TASK INSTRUCTIONS
Pictures are to be omitted. Output only the lines from the one containing "Comprar STEAMEMO HY-interruptor" through the end of the data, word for word.

DATA SEGMENT
--- --- ---

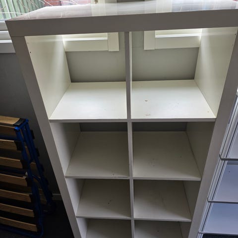 Hylla (två egentligen) till barnrummet inklusive alla lådor (11 stycken olika storlek/volym och färger)
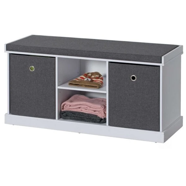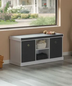 This Shoe Cubicle Storage Entryway Bench with Soft Cushion for Seating combines the comfort of a cushioned bench and cubby shoe storage for efficient use of the entryway. The storage bench has two and foldable baskets and drawers useful for storing both shoes and boots. Its Gray cushioned top serves as a comfy stool for when you need a seat. Welcome home.
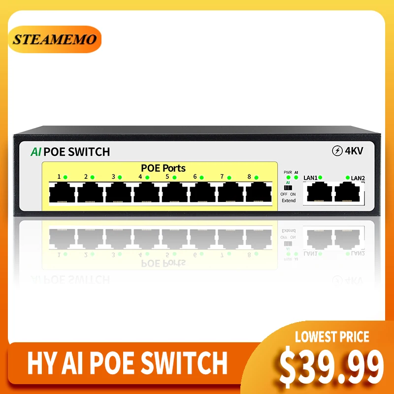 Comprar STEAMEMO HY-interruptor POE de 8 puertos, fuente de alimentación integrada de 100 W, MUplinked 120, adecuado para cámara IP/AP inalámbrica
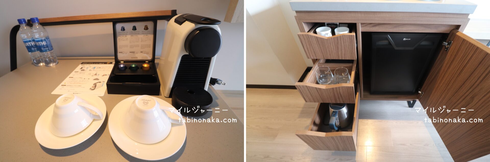 ネスプレッソとコンプリメンタリーの水。さんぴん茶のティーパックもあり。

--- --- ---

THE ANSWER
 Comprar STEAMEMO HY-interruptor POE de 8 puertos, fuente de alimentación integrada de 100 W, MUplinked 120, adecuado para cámara IP/AP inalámbrica
 ネスプレッソとコンプリメンタリーの水。さんぴん茶のティーパックもあり。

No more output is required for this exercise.